But golden images on Linux are, well, messy. It's very annoying to make a clean VM template without some post-provisioning like cloud-init. And for most shops if you're running cloud-init you could do that post-provisioning with Ansible or Salt. And since your images are built with Ansible/Salt in the first place you might as well just build each VM fresh and use the vendor's ISO. One less thing to maintain and update.
Plus when you're in a pinch, which never happens of course, you can make changes without having to roll your VMs.
I feel like Atomic distributions are basically the happy medium between the two worlds.
It's a trade-off. The point is the matrix security lapse turned worse because they ran this master / agent setup. You can still use ansible (or similar), just do it localhost during the build process.
Yea it's easier to not do these things, because good security posture takes work to set up. Once you're on the immutable train, you'll find it's not actually harder day to day. You learn to deal with issues in the pinch another way.
On the point of building VMs fresh each time vs building golden images, you'll find you boot time reduced, your roll over more reliable and autoscaling more responsive. Why build the same thing dozens or hundreds of times? What happens if a remote package is updated in the middle of your upgrade? Does this sound messier to you?
So it's a less audited application than *SSH that the author is recommending over SSH because it doesn't require user authentication but runs in a daemon with root privs?
Not quite.
In this case Ansible is enabled by a user logging into the system; The user should not be allowed to login to the system in the first place. Ideally you want your configuration system indepenent of user logins.
Ansible has its place, my argument is that it doesn't belong here.
Why is it considered safer to expose a VPN to the internet than SSH? Is it just that there is one exposed service for the organisation rather than one per machine?
SSH tunneling is handy but if you want to push anything else over it, its a pain for the "layperson". You're not going to have a great time supporting people with it. I've done it, it sucks. Scripts and special SSH config files are the pits. VPNs are way easier, they can support multiple access levels and roles, are often not blocked by other people's packet filters and firewalls and the good ones can even validate that a host is in "compliance" before they're allowed onto the network.

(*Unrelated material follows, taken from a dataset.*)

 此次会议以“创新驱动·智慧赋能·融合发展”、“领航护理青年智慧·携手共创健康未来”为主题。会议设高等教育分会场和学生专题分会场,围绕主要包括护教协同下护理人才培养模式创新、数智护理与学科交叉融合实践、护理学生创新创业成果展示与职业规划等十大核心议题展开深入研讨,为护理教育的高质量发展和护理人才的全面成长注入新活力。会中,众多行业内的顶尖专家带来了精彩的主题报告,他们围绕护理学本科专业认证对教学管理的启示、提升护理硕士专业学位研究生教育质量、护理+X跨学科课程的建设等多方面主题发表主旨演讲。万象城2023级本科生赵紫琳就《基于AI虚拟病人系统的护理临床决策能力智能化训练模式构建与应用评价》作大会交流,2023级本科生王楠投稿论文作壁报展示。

You can expose one SSH box per organization (a “bastion”) and deploy SSH configs to clients that make it look like you have direct access to the hosts behind it.
Can anyone explain the Jenkins vulnerability that was used to initially gain access? Reading the CVEs didn't give me the impression that they enabled remote exploits
The attacker gained network access through Jenkins.

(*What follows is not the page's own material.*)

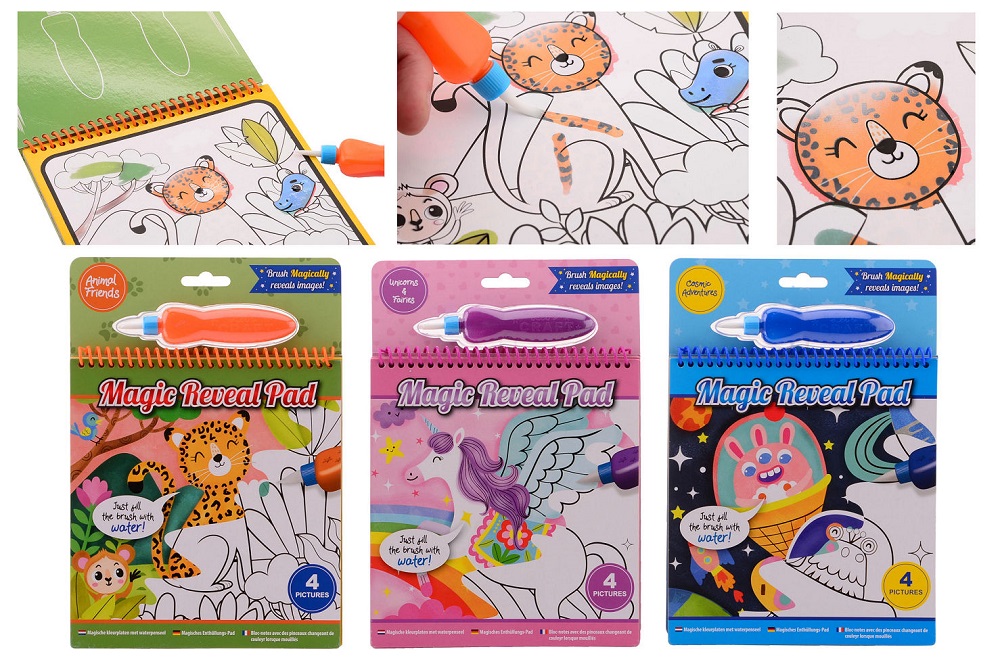 Denne spennende blokken inneholder fire gjenbrukbare bildesider. Bare fyll pennen med vann for å fargelegge hver side, og livlige farger vises med hvert penselstrøk.

Don't deploy a public-facing Jenkins, especially if it has credentials attached to it. It's really hard to secure, especially if pull-requests can run arbitrary code on your agents.

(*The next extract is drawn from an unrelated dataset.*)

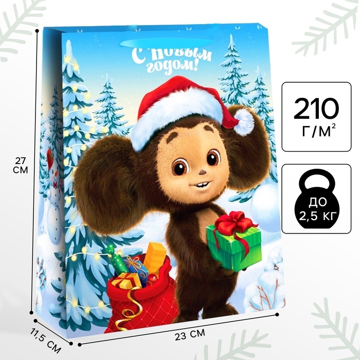 Новый год. Пакет подарочный, 23х27х11.5 см, упаковка, Чебурашка

Jenkins / CI is the sudo access to most organizations.
One thing I learned was where to modify the pageant source code (Windows equivalent of ssh-agent) to make my agent prompt before signing (with the default focus on "no"). This feels much safer and is a very minor inconvenience. I wonder why more agents don't have this built in.
I'd like to take this opportunity to plug my in-development decentralized, distributed, completely open forum, using PGP as the "account" system, and text files as the data store.
So any reasonably competent hacker can re-validate the entire forum's content and votes, reasonably quickly reimplement the whole thing, and/or fork the forum at any time.
I have gone on some long verbal rants about the dark patterns (bordering on malicious behavior) exhibited by key agents such as SSH agent, GPG agent, Pageant, and the like.
What can you learn from the compromise? Never use an agent. Kill it with fire^H^H^H^H -9.
The attacker still would have gotten their key in.
TBH if you kill the agent people are just going to copy their keys with no passphrases around. Ask me how I know...
Okay, I'll bite. What are you calling a dark pattern in assorted agents? Especially given that dark pattern implies intent to harm. (And I say this as someone looking at using an agent: If there's a gotcha, I'd like to know about it)
1) SSH agent will cache your passphrase. While that's the whole purpose of SSH agent, remember that nothing is more insecure than an unlocked secret.
2) SSH agent often starts automatically, frequently without user interaction (even if you specify `-i keyfile`). SSH client and DBus are both culprits here; there's also other culprits too.
3) There are often multiple different agents installed on Linux desktop systems. For example, ssh-agent, gnome-keyring, seahorse, gpg-agent ... the list goes on. Good luck auditing that.
4) Without `-i keyfile`, SSH will present to the remote server all keys, in sequence, cached in your agent (and will cause trouble with active firewalls from too many authentication attempts)
5) If the keyfile you specified in `-i keyfile` does not authenticate, then SSH will fall-back to using keys cached in your agent. That's especially frustrating since you might want to know that the key you specified was rejected!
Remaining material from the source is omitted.